The narrator's extreme reaction to Mathilde's "unsympathetic voice" is similarly questionable. The society woman is seized "by a creepy chilliness," generated by "disappointment, anger, dismay and various other disagreeable sensations" (371). One might anticipate disappointment on the part of the narrator who, expecting great things from Mathilde, travels to see her sing. But surely empathy and compassion for the poor girl's predicament should have superseded such anger, no matter how highly the society woman regards her valuable time and energy.

The woman's reflections soon after, however, reveal her awareness of the extremity of her response: "disappointment [may have] exaggerated ... simple deficiencies into monstrous defects" (372, italics mine); such afterthoughts serve to remind the reader that the narrator is not a bad person but rather someone whose understanding and sensitivity have become muddled as a result of societal influence.

Indeed, one of the keenest ironies (12) of the story is skillfully developed through the narrator's pretension to knowledge and understanding, no doubt heightened by her sense of herself as a society woman, educated and world aware. Within the first eighteen lines of the story, for example, "know," or some form of the verb, is used five times, as the woman proudly asserts her insight into Cavanelle's true nature. Yet it becomes apparent that she comprehends neither the brother's values nor the underlying motivation of his sacrifice for his sister, for the narrator assumes that the sacrifice is a practical one: "[I]t was because of her voice," the woman writes, "that his coats were worn till they were out of fashion and almost out at the elbows ... for a sister whose voice needed only a little training to rival that of a nightingale, one might do such things without incurring reproach" (369). Fundamentally, the brother's selflessness is motivated not, as she supposes, because of what he regards as his sister's special talent or because of any material benefit that might accrue to him, but because he loves his sister intensely. (13) This is something the narrator in her obtuseness, and contrary to stereotype, only comes to perceive fully with great difficulty toward the end of the story.

In addition, the society woman cannot imagine how the sister's demise can have anything but a liberating affect upon Cavanelle. Thus, once again she indulges her imagination, this time picturing the brother's response to his sister's death:
 a moment of agonizing pain; then rest, rest; convalescence; health;
 happiness! Yes, Mathilde had been dead a year and I was prepared
 for great changes in Cavanelle. He had lived like a hampered child
 who does not recognize the restrictions hedging it about, and lives
 a life of pathetic contentment in the midst of them.
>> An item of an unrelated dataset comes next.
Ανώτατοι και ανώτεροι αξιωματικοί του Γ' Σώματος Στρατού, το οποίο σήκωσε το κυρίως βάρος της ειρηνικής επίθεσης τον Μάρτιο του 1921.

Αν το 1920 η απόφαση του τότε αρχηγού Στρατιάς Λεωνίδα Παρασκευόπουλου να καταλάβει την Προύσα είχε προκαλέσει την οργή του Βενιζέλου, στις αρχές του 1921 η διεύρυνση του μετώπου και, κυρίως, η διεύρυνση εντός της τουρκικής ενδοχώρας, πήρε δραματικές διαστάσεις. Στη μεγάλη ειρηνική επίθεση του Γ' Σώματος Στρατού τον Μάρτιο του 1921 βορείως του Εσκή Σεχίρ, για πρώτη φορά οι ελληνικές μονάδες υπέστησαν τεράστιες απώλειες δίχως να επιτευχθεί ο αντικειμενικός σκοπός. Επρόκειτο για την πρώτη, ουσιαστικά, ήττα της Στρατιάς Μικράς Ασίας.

But now....
 He was, doubtless, regaling himself with the half-bottles of St.
 Julien ... with, perhaps, an occasional petit souper at Moreau's,
 and there was no telling what little pleasures beside. Cavanelle
 would certainly have bought himself a suit of clothes or two of
 modern fit and finish. I would find him with a brightened eye, a
 fuller cheek ... perchance even, a waxed moustache! (373)

The idea that death yields but an ephemeral "moment," even if an "agonizing" one, of pain; the envisioned "health" and "happiness" following the death of his beloved sister; the view of Cavanelle's previous lifestyle as "restrictive," "childlike," "pathetic," even in devotion to her whom he loves; the "pleasing picture" of release from a parsimonious life; and the vision of a new man, dandified in modern suits, with "waxed moustache"--so much here is an insensitive misreading of Cavanelle's values and ambitions, of the depth of his sorrow and, more generally, of the irremediable sadness that frequently accompanies the death of a loved one.
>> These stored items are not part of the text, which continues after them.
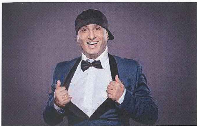
« On me dit souvent que ce spectacle est un hymne à la vie. »

Portugais, le personnage qui vous a fait connaître ?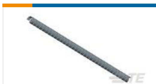
TE 产品编号142841-1 TUBING SPIRAP 500031-1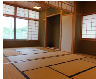
★ ~お茶室~ ★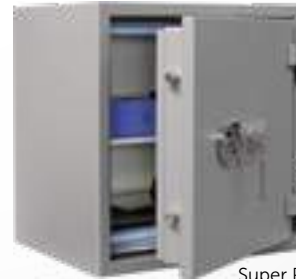
Super Paper 65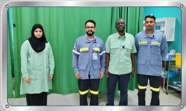
الفريق الطبي في فالي عمان يزور صحر أمنيوم Vale Oman's Medical Team Visits SA

It is not until the final short paragraph of the story, after learning that Cavanelle has not altered his lifestyle as she had expected, and after a variety of typically patronizing comments about his "little menage" and his "fatuity" (373-74), that the society woman finally revises her "estimate" of the man. Seated in a streetcar on her way home, she seems to come to a deeper and truer understanding of the spiritual nature of Cavanelle's temperament and of its unique value. It is fitting that the narrator does not (or more likely is unable to) describe in any detail the thought processes involved in her change of heart. For throughout the story, she has been unable to explain fully why she feels as she does. In this instance, her final comments about Cavanelle's being an angel (14) neatly echo the comment at the end of the first paragraph. (15) The narrator, ultimately, has come back to her intuitive--and truer--understanding of the shopkeeper.
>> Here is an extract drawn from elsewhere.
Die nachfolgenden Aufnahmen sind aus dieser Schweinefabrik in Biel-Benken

"Cavanelle" was by no means the only such ironic portrait of woman's need of sensitivity and charity in The American Jewess, though assuredly in its complex tone and characterization, Chopin's tale stands out among the polemical essays, editorials, and even fictions typical of the publication. While Sonneschein's magazine by and large characterized women as empathetic and sensitive, contributors nonetheless recognized that self-perceived class distinctions and other prejudices could interfere with "natural" instinct, leading to the sort of obtuseness and lack of compassion shown by the narrator. In an essay appearing in May of 1898, for example, titled "Is America Becoming a Monarchical Nation?," snobbishness and other "aristocratic proclivities" (78) are termed a "sign of degeneracy" (80) in America. Indeed, Sonneschein's own fiction, "A Fin de Siecle Meeting," which portrays the shocking insensitivity and lack of empathy on the part of "ultra-patrician" (212) women at a meeting of a philanthropic group, goes a long way toward evoking the insidiousness of class-consciousness and snobbery, and the resulting distortions they cause.


Rosa Sonneschein expressed to her readership her "gratification and just pride" (47) at publishing "Cavanelle," along with a portrait of its author, in the inaugural issue of The American Jewess. Furthermore, she described Kate Chopin as "one of the most interesting and unique writers of the fin de siecle" (48), cited the praise of four different reviews of Chopin's writing, and catalogued a lengthy list of the prestigious magazines in which her fiction had been published. There is little doubt, then, that Sonneschein wished to capitalize on Chopin's renown to increase the circulation--and reputation--of her magazine. But regardless of the fame of its author, "Cavanelle," was a remarkably fine choice for inclusion in The American Jewess.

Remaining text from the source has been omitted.